Records supplied Block Start

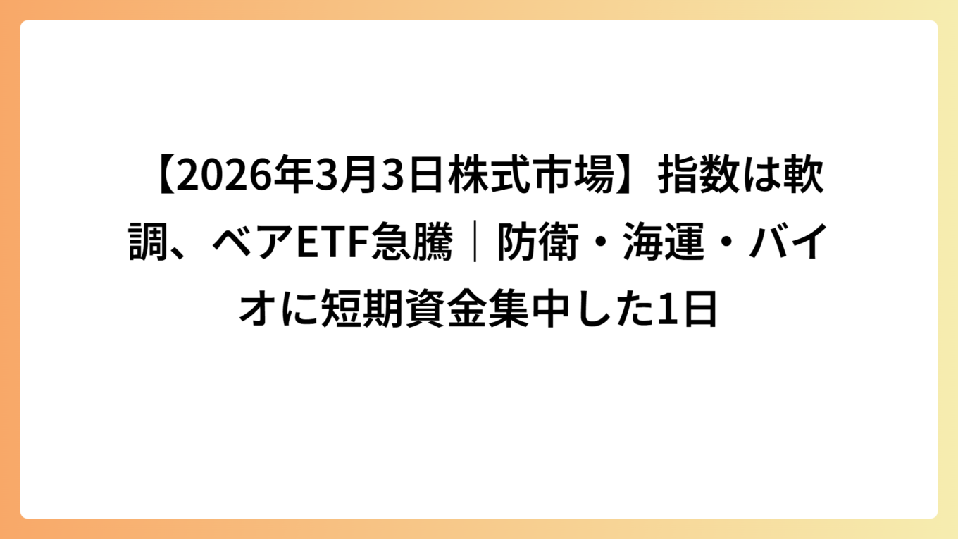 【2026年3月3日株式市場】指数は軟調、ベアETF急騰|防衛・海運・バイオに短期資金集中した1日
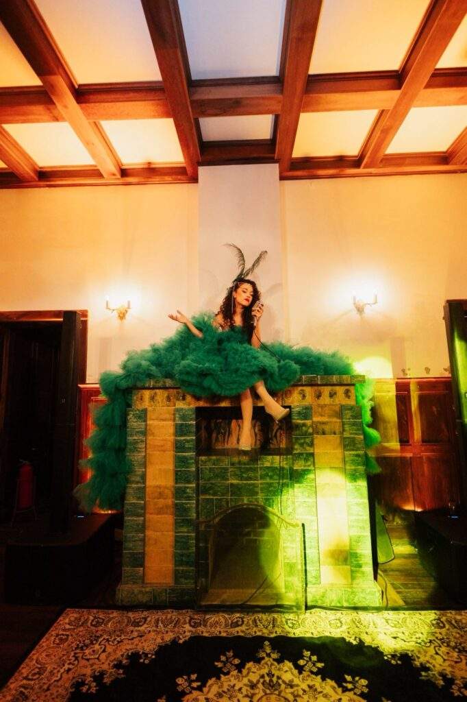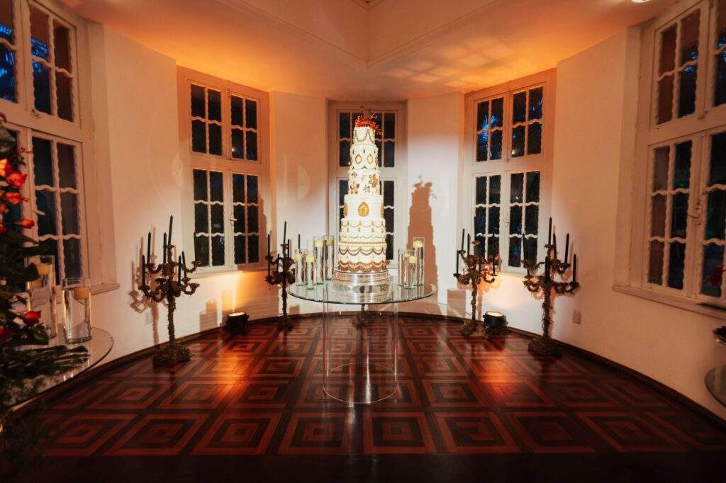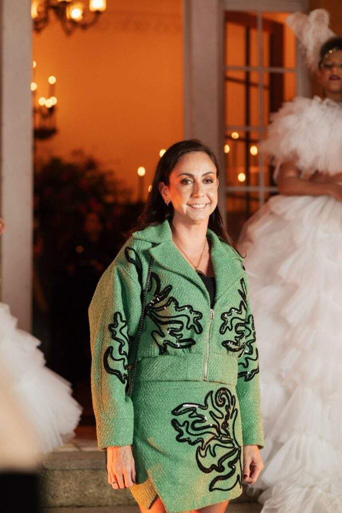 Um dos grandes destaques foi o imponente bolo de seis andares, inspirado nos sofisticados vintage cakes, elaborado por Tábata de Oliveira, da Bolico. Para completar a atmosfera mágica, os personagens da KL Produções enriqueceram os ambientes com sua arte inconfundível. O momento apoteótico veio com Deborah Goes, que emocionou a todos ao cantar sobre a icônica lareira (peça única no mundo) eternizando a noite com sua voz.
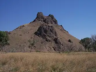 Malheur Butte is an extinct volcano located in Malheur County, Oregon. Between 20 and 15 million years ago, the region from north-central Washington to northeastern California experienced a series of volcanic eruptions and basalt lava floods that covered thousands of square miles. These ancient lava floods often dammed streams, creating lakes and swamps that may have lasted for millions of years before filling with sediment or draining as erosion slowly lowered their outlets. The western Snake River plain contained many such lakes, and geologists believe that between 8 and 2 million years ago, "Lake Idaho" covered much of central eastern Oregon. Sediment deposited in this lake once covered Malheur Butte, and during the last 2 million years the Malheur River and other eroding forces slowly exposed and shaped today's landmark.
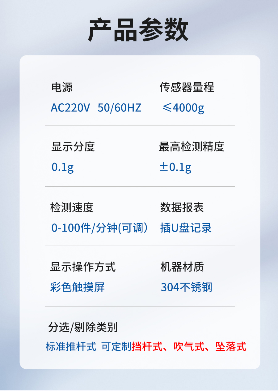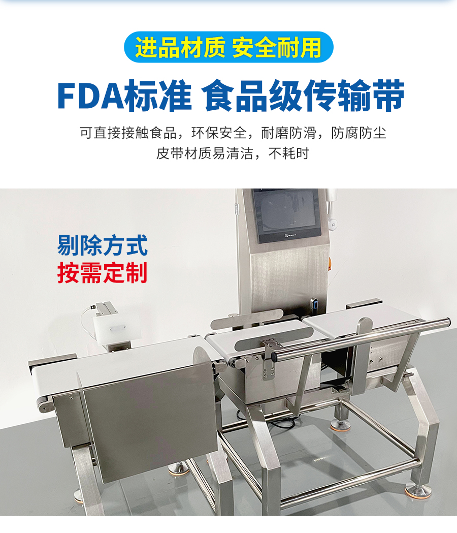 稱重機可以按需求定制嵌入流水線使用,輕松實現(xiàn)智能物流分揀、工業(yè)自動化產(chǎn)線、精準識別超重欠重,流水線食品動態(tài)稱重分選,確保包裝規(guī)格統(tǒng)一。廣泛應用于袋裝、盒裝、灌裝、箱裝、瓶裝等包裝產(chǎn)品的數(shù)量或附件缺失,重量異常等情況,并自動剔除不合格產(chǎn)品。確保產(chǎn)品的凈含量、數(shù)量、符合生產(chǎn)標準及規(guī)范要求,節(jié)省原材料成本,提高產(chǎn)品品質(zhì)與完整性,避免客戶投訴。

Records supplied Block End
Records supplied Block Start

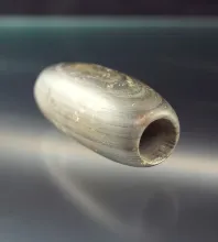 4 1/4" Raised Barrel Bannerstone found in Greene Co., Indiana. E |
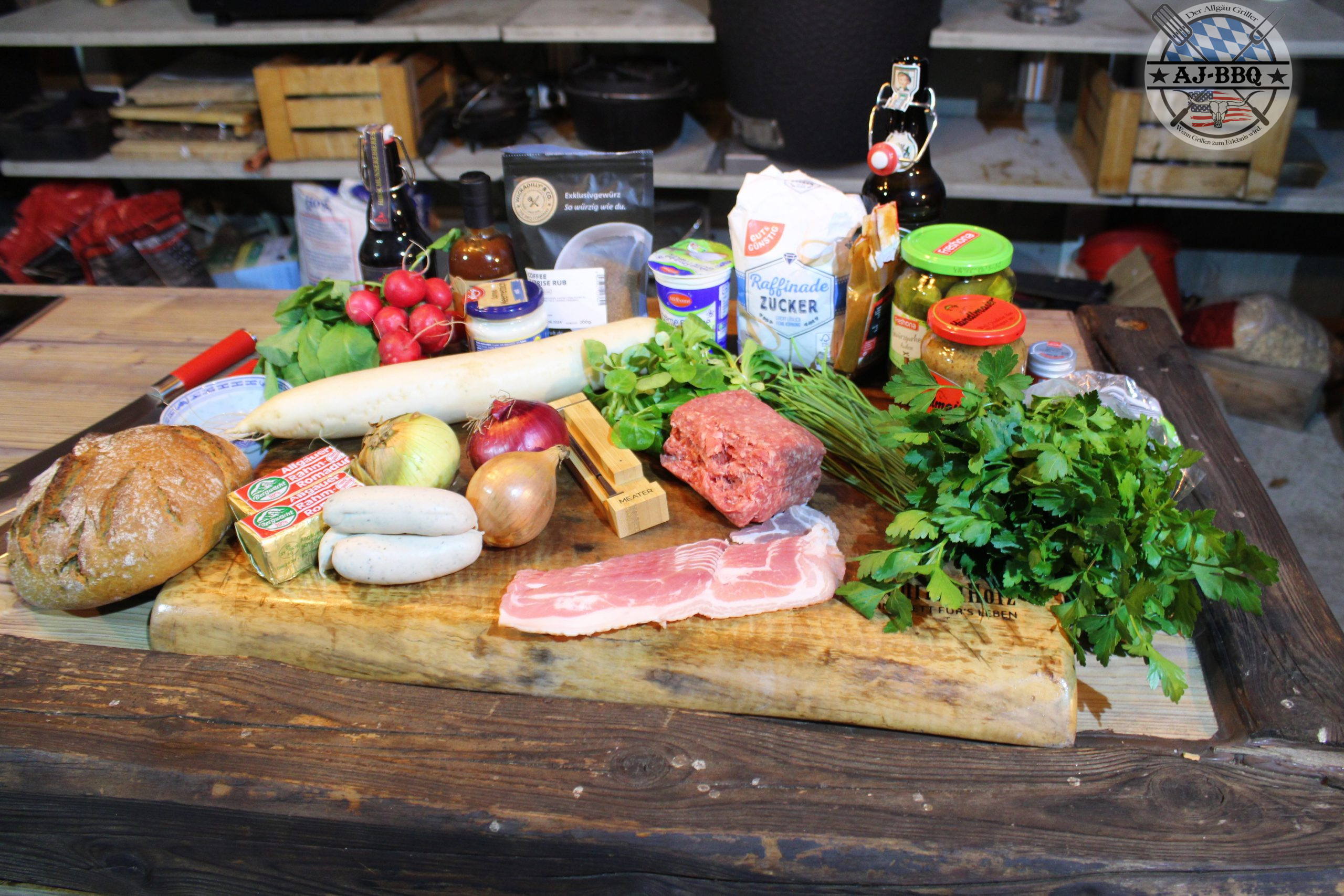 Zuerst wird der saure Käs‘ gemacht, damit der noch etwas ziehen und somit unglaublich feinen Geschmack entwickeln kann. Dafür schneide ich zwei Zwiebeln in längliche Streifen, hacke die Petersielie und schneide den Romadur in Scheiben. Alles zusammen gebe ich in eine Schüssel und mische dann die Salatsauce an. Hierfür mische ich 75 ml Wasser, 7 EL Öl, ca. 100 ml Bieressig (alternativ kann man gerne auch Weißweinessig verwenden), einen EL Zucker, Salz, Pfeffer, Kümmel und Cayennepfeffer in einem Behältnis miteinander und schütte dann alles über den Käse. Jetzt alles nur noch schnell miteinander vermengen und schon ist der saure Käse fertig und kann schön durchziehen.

Records supplied Block End

Work order: Repeat the lines above exactly, beginning with the one containing "Malheur Butte is" and finishing with the one containing "稱重機可以按需求定制嵌入流水". No pictures belong in the copy.

Answer to the problem:
 Malheur Butte is an extinct volcano located in Malheur County, Oregon. Between 20 and 15 million years ago, the region from north-central Washington to northeastern California experienced a series of volcanic eruptions and basalt lava floods that covered thousands of square miles. These ancient lava floods often dammed streams, creating lakes and swamps that may have lasted for millions of years before filling with sediment or draining as erosion slowly lowered their outlets. The western Snake River plain contained many such lakes, and geologists believe that between 8 and 2 million years ago, "Lake Idaho" covered much of central eastern Oregon. Sediment deposited in this lake once covered Malheur Butte, and during the last 2 million years the Malheur River and other eroding forces slowly exposed and shaped today's landmark.
 稱重機可以按需求定制嵌入流水線使用,輕松實現(xiàn)智能物流分揀、工業(yè)自動化產(chǎn)線、精準識別超重欠重,流水線食品動態(tài)稱重分選,確保包裝規(guī)格統(tǒng)一。廣泛應用于袋裝、盒裝、灌裝、箱裝、瓶裝等包裝產(chǎn)品的數(shù)量或附件缺失,重量異常等情況,并自動剔除不合格產(chǎn)品。確保產(chǎn)品的凈含量、數(shù)量、符合生產(chǎn)標準及規(guī)范要求,節(jié)省原材料成本,提高產(chǎn)品品質(zhì)與完整性,避免客戶投訴。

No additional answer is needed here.